Внезапно Лоренцо снова сел рядом, взял ее руки в свои, и их пальцы переплелись.
— Джесс, ты ответишь на мой вопрос?
— Если смогу. Что ты хочешь спросить?
— Только одно: почему ты пришла сегодня?
— Почему? — Джесс недоуменно нахмурилась. — Ты знаешь, почему! Потому что Фред…
— Но почему ты пришла именно сюда? Почему не пошла к своим подругам или к Брендану?
— Я не могла пойти в другое место, — просто и честно ответила она. — Как только я очнулась, то поняла, что хочу быть с тобой и только с тобой. Я знала, что ты заступишься за меня. Лоренцо… Что это?
Скарабелли закрыл лицо руками; загорелые пальцы заслонили его глаза.
— Идиот! — простонал он, стыдясь самого себя. — Я был слеп!
— Слеп? Лоренцо, пожалуйста, я не понимаю!
Скарабелли медленно поднял голову. Когда он убрал руки, в его глазах появилось нечто новое. Вернее, не новое, а хорошо забытое старое. То, что она видела в дни, предшествовавшие их свадьбе. В дни до Кэти…
Тогда она называла это любовью; теперь же не посмела бы воспользоваться столь волнующим словом.
— Доверие, — сказал Лоренцо со странным акцентом.
Хватило одного слова, чтобы его голос дрогнул.

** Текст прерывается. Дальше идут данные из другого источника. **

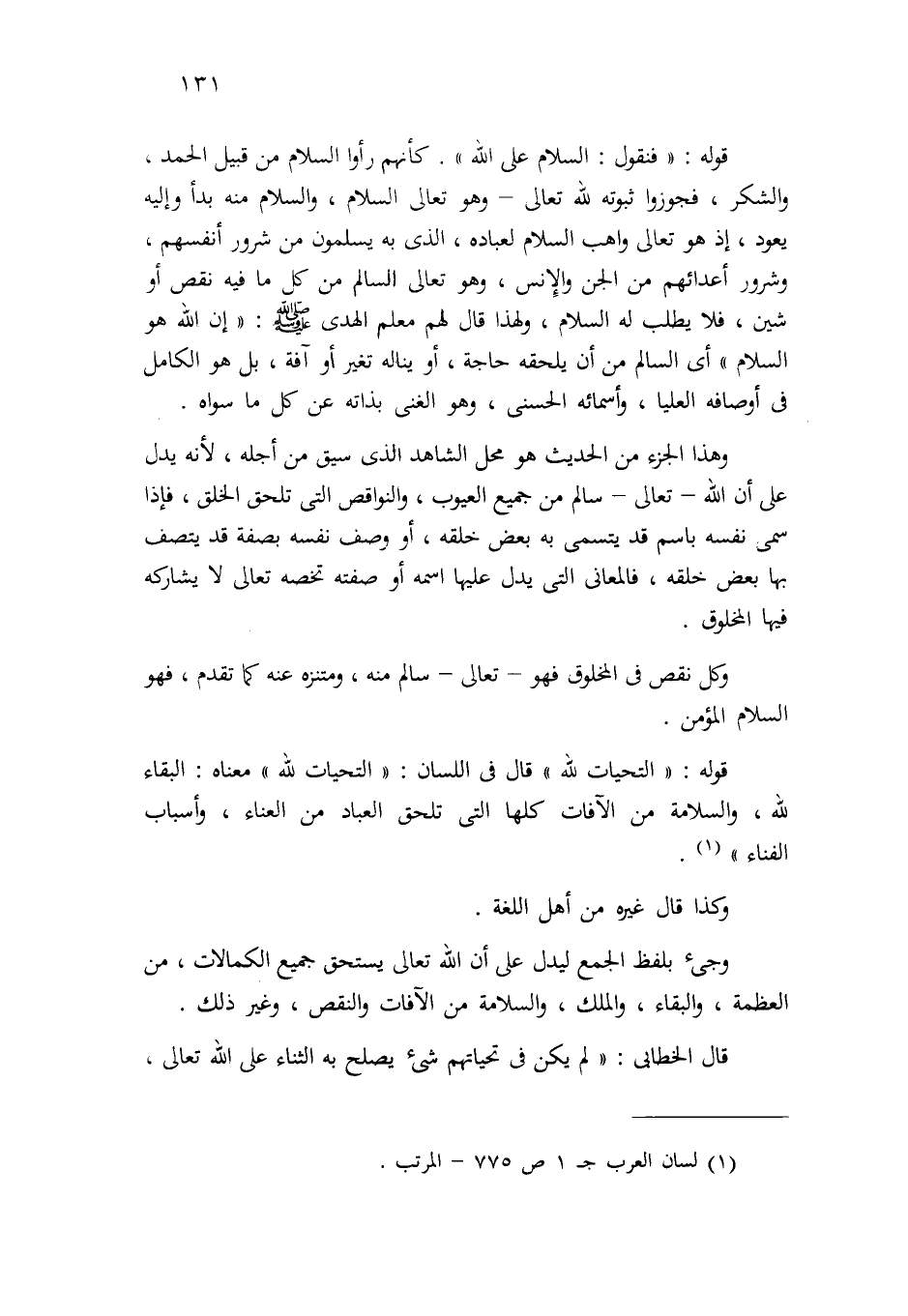 قوله: "فنقول: السلام على الله"، كأنهم رأوا السلام من قبيل الحمد، والشكر، فجوزوا ثبوته لله - تعالى -، وهو تعالى السلام، والسلام منه بدأ وإليه يعود، إذ هو -تعالى- واهب السلام لعباده، الذي به يسلمون من شرور أنفسهم، وشرور أعدائهم من الجن والإنس، وهو -تعالى- السالم من كل ما فيه نقص أو شين، فلا يطلب له السلام، ولهذا قال معلم الهدى- صلى الله عليه وسلم-: " إن الله هو السلام" أي السالم من أن يلحقه حاجة، أو يناله تغير أو آفة، بل هو الكامل في أوصافه العليا، وأسمائه الحسنى، وهو الغني بذاته عن كل ما سواه.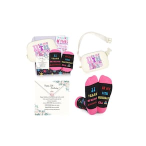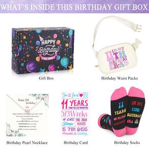 Nossas caixas de presente são lindamente projetadas e cada presente é cuidadosamente colocado como um tesouro precioso esperando para ser descoberto. Todos estes são cuidadosamente projetados, presentes de aniversário para meninas, irmãs, filhas, sobrinhas, irmãs, amigas, filhas, para fazer as pessoas abrirem o momento e se sentirem cheias de surpresa e calor. - Presentes de aniversário para meninas: nossas caixas de presente são lindamente projetadas e cada presente é cuidadosamente colocado como um tesouro precioso esperando para ser descoberto. Todos esses presentes de aniversário para meninas são cuidadosamente projetados, presentes de aniversário para meninas, namoradas, irmãs, filhas, sobrinhas, irmãs, amigas, filhas, para fazer as pessoas abrirem o momento, se sentirem cheias de surpresa e calor - Conjunto de presentes de aniversário de 11 anos para meninas: nossa caixa de presente de aniversário de 11 anos inclui uma linda bolsa a tiracolo, um colar de pérolas e cartões, um par de meias de algodão divertidas e um pôster de aniversário de 11 anos. Estes presentes são embrulhados em uma linda caixa, para que você não precise gastar tempo embrulhando-os. O presente de aniversário de 11 anos perfeito para uma criança - Presentes para meninas de 11 anos: Bolsa de cintura leve com alça ajustável e compartimentos internos para celular, feita de tecido de nylon durável resistente à água e zíper de metal suave para uso robusto em esportes de corrida na academia. O zíper de metal de alta qualidade é suave e não prende quando você o usa - Presentes de aniversário para meninas de 11 anos: a pochete elegante a lembra de seguir em frente para um novo capítulo. O lindo colar de pérolas simboliza um novo capítulo de crescimento, força e luz. Meias felizes trazem um sorriso e humor para o dia dela. Os cartões podem ser utilizados para escrever desejos e mensagens para ela, lembranças encantadoras deste aniversário marcante e tornar este evento de aniversário ainda mais memorável! - Presentes de aniversário fofos para meninas adolescentes: em comparação com outras caixas de presente de aniversário de 11 anos, nossa caixa de presente é mais sofisticada e criativa em design. É preenchido com presentes fofos e atenciosos, para que você não precise montá-lo sozinho. O presente perfeito dará a ela a surpresa mais doce e a fará se sentir tão amada neste dia especial
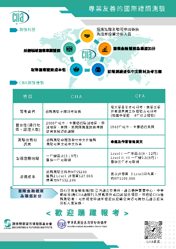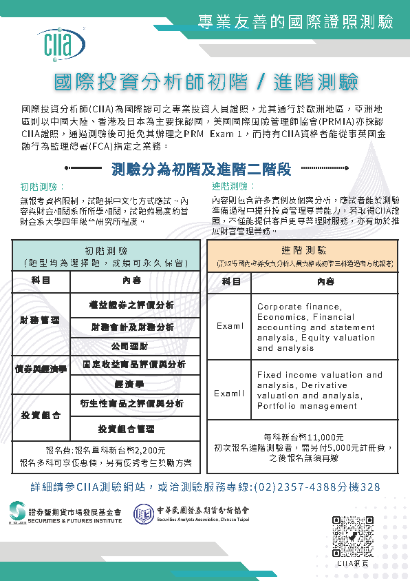 考試內容,亦歡迎至本基金會網站(https://www.sfi.org.tw/)「測驗及招募/國際證照/國際投資分析師(CIIA) 專區」查詢相關訊息。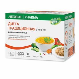 Комплексная программа питания ЛЕОВИТ «Худеем за неделю – Традиционное меню с мясом» поможет очистить организм от токсинов, уменьшить аппетит и быстро избавиться от лишнего веса благодаря эффективному жиросжигающему комплексу. Мы всё сделали за вас – подобрали ингредиенты, посчитали калории и разработали полезный и вкусный рацион на 5 дней. Как раз хватит на рабочую неделю. Мы также подготовили рекомендации, как питаться на 6-й и 7-й день программы, чтобы закрепить полученный результат – их вы найдёте в коробке с курсом.Худеем за неделю – это:Сбалансированный рацион. Гармоничное сочетание белков и углеводов с ограниченным содержанием жиров. В составе блюд есть витамины, минералы и другие необходимые для похудения биологически активные вещества.Безопасное снижение веса. Разработанный экспертами с 20-летним опытом состав помогает активизировать обмен веществ и процессы жиросжигания, контролировать аппетит, снизить тягу к сладкому.Простое соблюдение режима питания. Продукты распределены по дням и компактно упакованы. Их всегда можно взять с собой, чтобы придерживаться диеты в дороге или на работе.Повышение уровня энергии и общего тонуса организма. Тратьте меньше времени на готовку и получайте больше сил для новых свершений.Традиционное меню с мясом создано для тех, кто хочет придерживаться диеты, но не хочет менять вкусовые привычки. Разнообразное меню включает блюда русской кухни, которые позволят худеть с комфортом и любимым вкусом. Блюда содержат высококачественный животный и растительный белок, витамины, микроэлементы, антиоксиданты и ценные пищевые волокна.Как работает комплекс «Худеем за неделю – Традиционное меню с мясом»?Помогает сжигать лишнее. Блюда содержат специально разработанный жиросжигающий комплекс на основе эффективных компонентов – L-карнитина, экстракта гарцинии камбоджийской, пиколината хрома, инулина, корицы, куркумы, кардамона, имбиря, витамина C.Способствует уменьшению аппетита. Пищевые волокна, пиколинат хрома и гидроксилимонная кислота в составе экстракта гарцинии камбоджийской дарят чувство насыщения и способствуют снижению аппетита.Очищает организм. Содержит столбики с рыльцами кукурузы, сельдерей, лист толокнянки, магний, лист сенны, пищевые волокна и кориандр.Регулирует пищеварение. Блюда содержат столбики с рыльцами кукурузы, сельдерей, лавровый лист, кориандр, пищевые волокна, витамины и минералы.Помогает сформировать привычки здорового питания. Программа сформирована так, чтобы вам было легко сформировать полезные привычки и придерживаться их после окончания курса. Для этого в программе предусмотрен обязательный завтрак, дробный приём пищи, небольшие порции и полезный вечерний перекус за 2 часа до сна.Меню программы сбалансировано и разработано так, что каждое блюдо помогает справиться с отдельной задачей. Полный рацион вы можете увидеть на фото. Вы также можете дополнить рацион зеленью, свежими овощами и другими лёгкими продуктами общей калорийностью не более 500 ккал в день.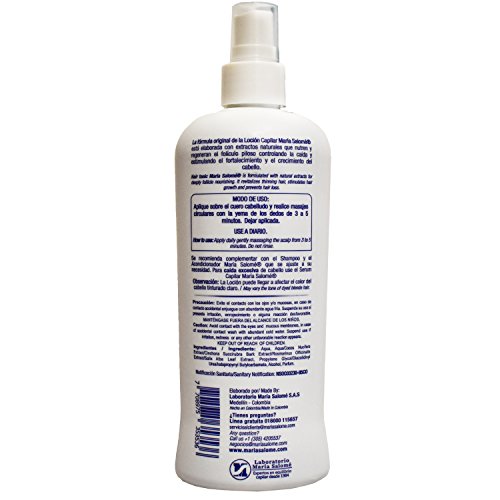 - Maria Salome Capillary Tonic Lotion is elaborate with natural extracts that help to nourish and revitalize the hair, in addition contains glycerin that helps to diminish the redness of the scalp.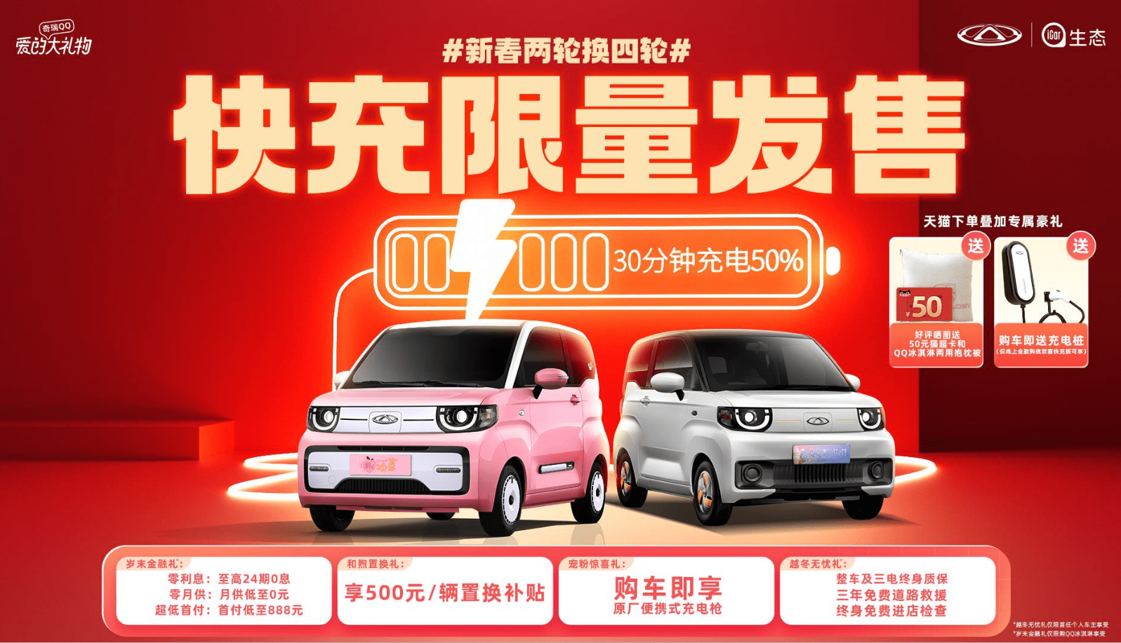 为回馈广大用户对奇瑞QQ冰淇淋长久地关注和支持,在双十二到来之际,奇瑞新能源“快充限量发售”活动火热进行中。限量1000台奇瑞QQ冰淇淋快充&100台QQ冰淇淋·桃欢喜快充,在天猫奇瑞新能源旗舰店购车送专属豪礼。12月12日更有叶一茜、李艾、一栗小莎子等20位明星红人直播,下单购QQ冰淇淋·桃欢喜即送充电桩,更有5折锦鲤车超级福利,鸿运当头,嗨购正当时!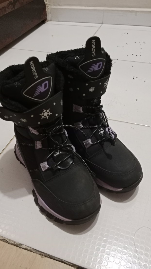 Kız çocukları için siyah, desenli ve sıcak tutan kürklü goth tarzı botlar. Kolay giyim için cırt cırtlı kapanışa sahiptir.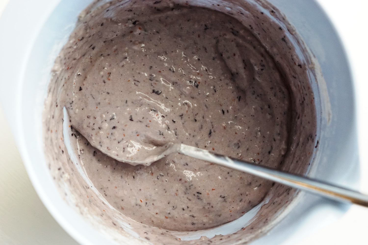 Bland de tørre ingredienser sammen (hvedemel, quinoamel og bagepulver) og rør det sammen med blåbærmassen.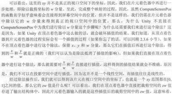 ComputeScreenPos在顶点着色器中没有做除以 clipw 的操作,需要在片元着色器进行除以 clipw 操作。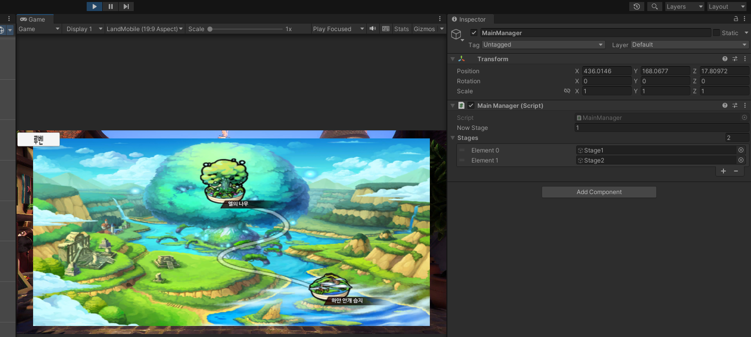 nowStage는 클리어한 스테이지를 저장하며 stages배열에는 맵의 버튼 오브젝트들을 넣는다.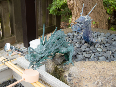 ![]() 龍口のある丸い石造物は、戦前まで井戸として使っていたものを移設しました。 また、後部の龍口は角が破損した時に修理をして御厨に大切に仕舞われていましたが、その御姿を参拝の方々に知っていただけるように、現在の龍口とともに井戸の中央に設置をしています。 |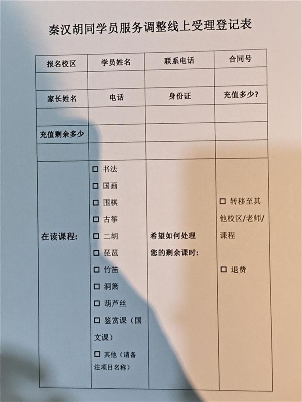 8月28日,上海市民梅女士告诉极目新闻记者,她两个孩子目前在学前阶段。大约从一年前开始,她在秦汉胡同浦东新区金桥店充值了六七万元,给两个孩子报了国学课程,学习琵琶、书法等,目前还剩两万元左右的课程没上。8月25日,门店还是正常营业,但26日晚她注意到秦汉胡同公众号发文回应公司“倒闭”的传言,这才发现不对劲。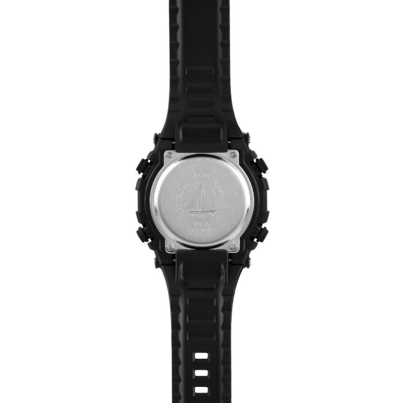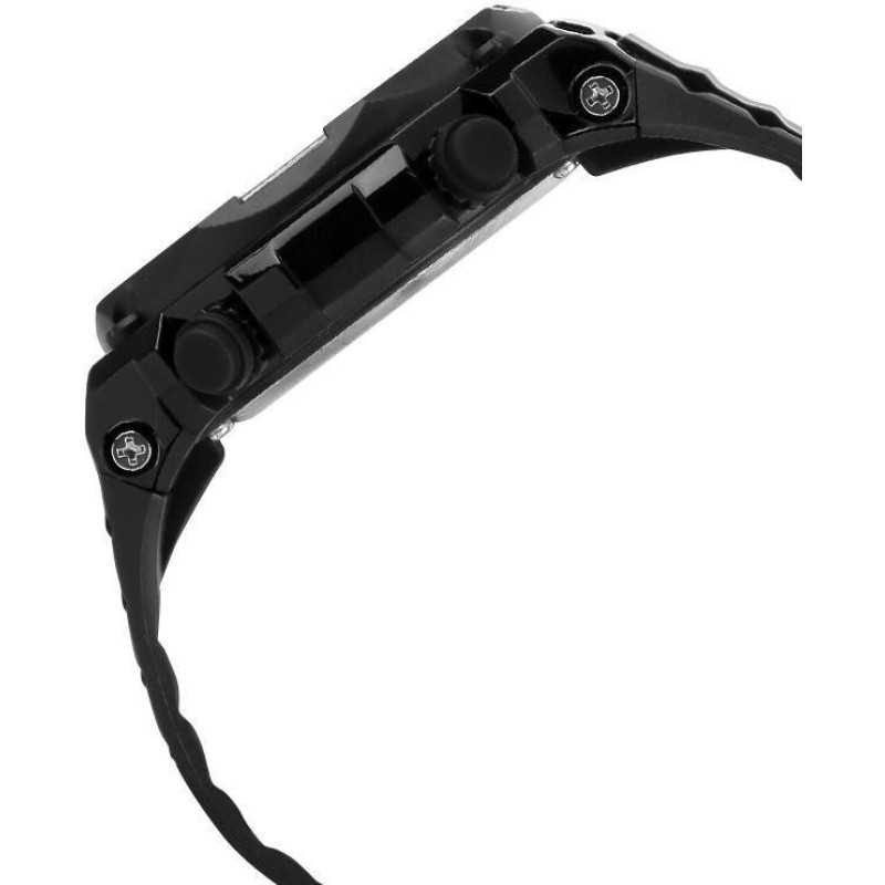 Модель имеет водонепроницаемость 100 м. Корпус выполнен из материала – комбинированный (сталь/пластик). Прочное пластиковое стекло надежно защищает циферблат от ударов и других повреждений. Удобный полимер ремешок позволяет часам комфортно сидеть на запястье. Из дополнительных функций имеются: будильник, дата, день недели, месяц, секундомер, таймер.

— Доверие? — нетвердо переспросила Джесс.
Голова у нее пошла кругом, но Лоренцо нежно положил руку на ее губы, не дав продолжить.
— Пожалуйста, послушай, — попросил он. — Я должен многое сказать тебе. То, что ты должна знать. Пожалуйста, послушай, а потом ответь мне на один вопрос.
Скарабелли отвел руку, но Джесс не нашлась, что ответить. Поэтому она просто кивнула. Сердце часто забилось, в горле возник комок. Сомневаться не приходилось: он собирался сказать что-то ужасно важное. Это было написано на его напрягшемся лице, вытиснено на коже, обтянувшей красивые скулы.
— Думаю, лучше всего начать с моего деда.
— Твоего деда? — Джесс решила молчать, но его слова были такими удивительными, что она не смогла удержаться. — Какое он имеет к этому отношение?
— Большее, чем ты можешь себе представить. Помнишь, я рассказывал, как много он значил для меня, пока я рос? Так вот, он научил меня по крайней мере одной вещи. Я не должен был сидеть и почивать на лаврах, вернее, на его лаврах. Семья Скарабелли обязана своим богатством тому, что мы никогда ничего не получали даром. Когда-то мы были бедными и можем стать ими снова. Он всегда цитировал старую поговорку: из грязи в князи и обратно за три поколения.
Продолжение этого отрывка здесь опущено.